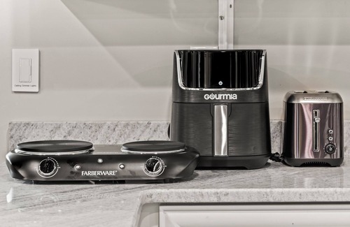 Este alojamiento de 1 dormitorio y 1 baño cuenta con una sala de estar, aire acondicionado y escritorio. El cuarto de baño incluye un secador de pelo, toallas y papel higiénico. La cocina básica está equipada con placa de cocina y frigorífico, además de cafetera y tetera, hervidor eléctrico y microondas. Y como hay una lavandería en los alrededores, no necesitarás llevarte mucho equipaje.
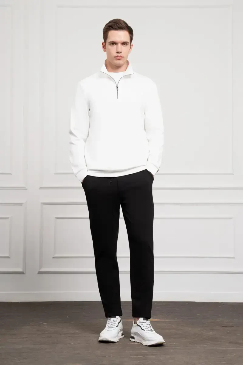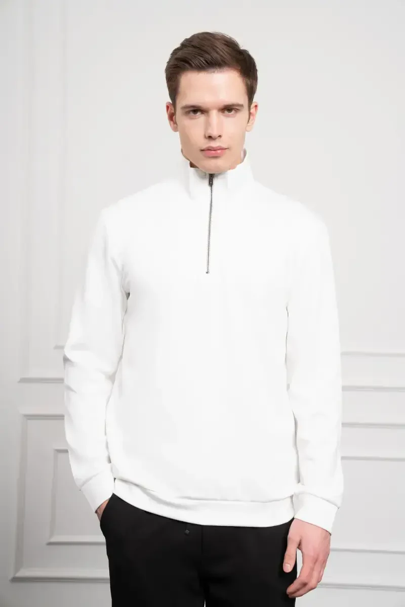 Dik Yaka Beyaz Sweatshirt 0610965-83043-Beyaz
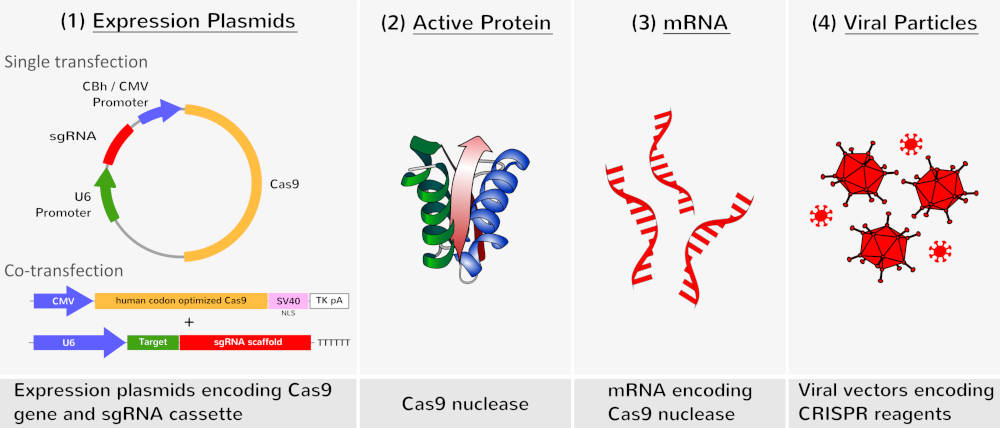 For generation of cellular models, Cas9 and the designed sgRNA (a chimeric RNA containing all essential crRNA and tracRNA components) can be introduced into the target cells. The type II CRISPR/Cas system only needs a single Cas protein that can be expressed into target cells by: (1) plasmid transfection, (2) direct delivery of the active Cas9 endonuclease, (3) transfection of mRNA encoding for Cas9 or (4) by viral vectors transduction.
= = = = = = =
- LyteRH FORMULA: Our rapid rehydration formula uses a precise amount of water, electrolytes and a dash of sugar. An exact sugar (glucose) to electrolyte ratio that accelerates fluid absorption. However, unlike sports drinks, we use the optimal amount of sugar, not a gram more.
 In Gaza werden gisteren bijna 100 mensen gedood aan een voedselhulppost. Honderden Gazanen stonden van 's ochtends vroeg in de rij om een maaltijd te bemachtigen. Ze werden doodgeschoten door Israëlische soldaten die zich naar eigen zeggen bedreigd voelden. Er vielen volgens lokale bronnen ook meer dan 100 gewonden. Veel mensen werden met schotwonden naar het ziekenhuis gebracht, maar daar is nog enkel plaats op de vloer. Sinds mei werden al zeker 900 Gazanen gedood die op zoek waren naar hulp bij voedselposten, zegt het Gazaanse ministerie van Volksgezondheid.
= = = = = = =
Output exactly the lines above, beginning at the one with "Dik Yaka Beyaz" and stopping after the one with "For generation of". Pictures are to be omitted.

 Dik Yaka Beyaz Sweatshirt 0610965-83043-Beyaz
 For generation of cellular models, Cas9 and the designed sgRNA (a chimeric RNA containing all essential crRNA and tracRNA components) can be introduced into the target cells. The type II CRISPR/Cas system only needs a single Cas protein that can be expressed into target cells by: (1) plasmid transfection, (2) direct delivery of the active Cas9 endonuclease, (3) transfection of mRNA encoding for Cas9 or (4) by viral vectors transduction.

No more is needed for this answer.